Skinny ankels emerging from elastic banded sweatpants.  A farmer's tan that never faded.  Newspapers neatly stacked in the recycle basket.  A pimped out minivan in the driveway.  One of everything ever made, and two of some taking up the garage.  A sic-fi/fantasy book collection that rivals some bookstore's. A beard that could resemble Kenny Rogers, Santa Calus or Jerry Garcia.  A smile that showed life had been simultaneously full of heartache and joy.  Love that goes to the moon and back for the three of us kids.  A rough exterior hiding a gentle and loving heart, hurt too many times to count.  Desire to protect loved ones from anything and everything no matter the cost.  

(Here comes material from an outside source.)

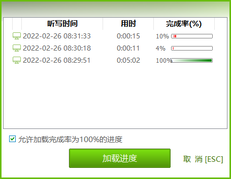 如果听写未完成,也可以先保存,下次接着听写该文件时,可以选择加载上次的存档进度:
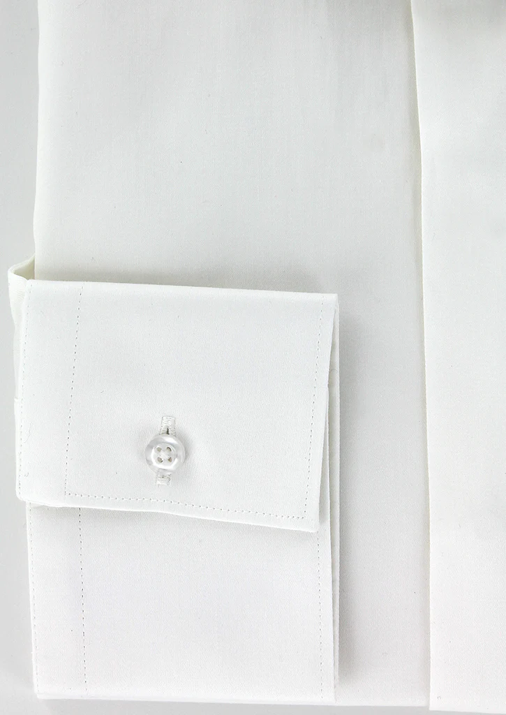 Chemise de cérémonie Cotton Park pour homme en satin de coton écru. Cette chemise en coupe ajustée à manches longues possède un col cassé idéal pour porter un noeud papillon. En un coup de main, il est possible de rendre ce poignet simple en poignet mousquetaire et ainsi porter une jolie paire de bouton de manchette Cotton Park. Son col a été spécialement étudié dans le but de cacher l’attache du nœud papillon à l’arrière de la chemise.

Papa was not perfect.  He told me regularly that he didn't want me to end up like him.  Some apples don't fall far from the tree...I'm the one the tree couldn't shake.  He knew I was in for a tough life if I followed in his path as I was set to do...but that's a different story...

The days that followed Papa's death were agonizing.  As we sat to write the obituary, the phone rang and the caller asked for Papa.  I broke down and handed the phone to Mom.  This was going to be hard.

And it's still hard 10 years later.  Some people say time heals all wounds.  I disagree.  When you love someone deeply and unconditionally, all the time in the world won't erase the pain of that loss.

Today, I'll eat cake.  I'll cry a little.  And reminisce a lot.  I can't believe its been 10 years already, though somedays it feels like 100.

1 comment:

  1. Thinking of you today Linsey and praying for God's enduring comfort and you reminisce about your papa.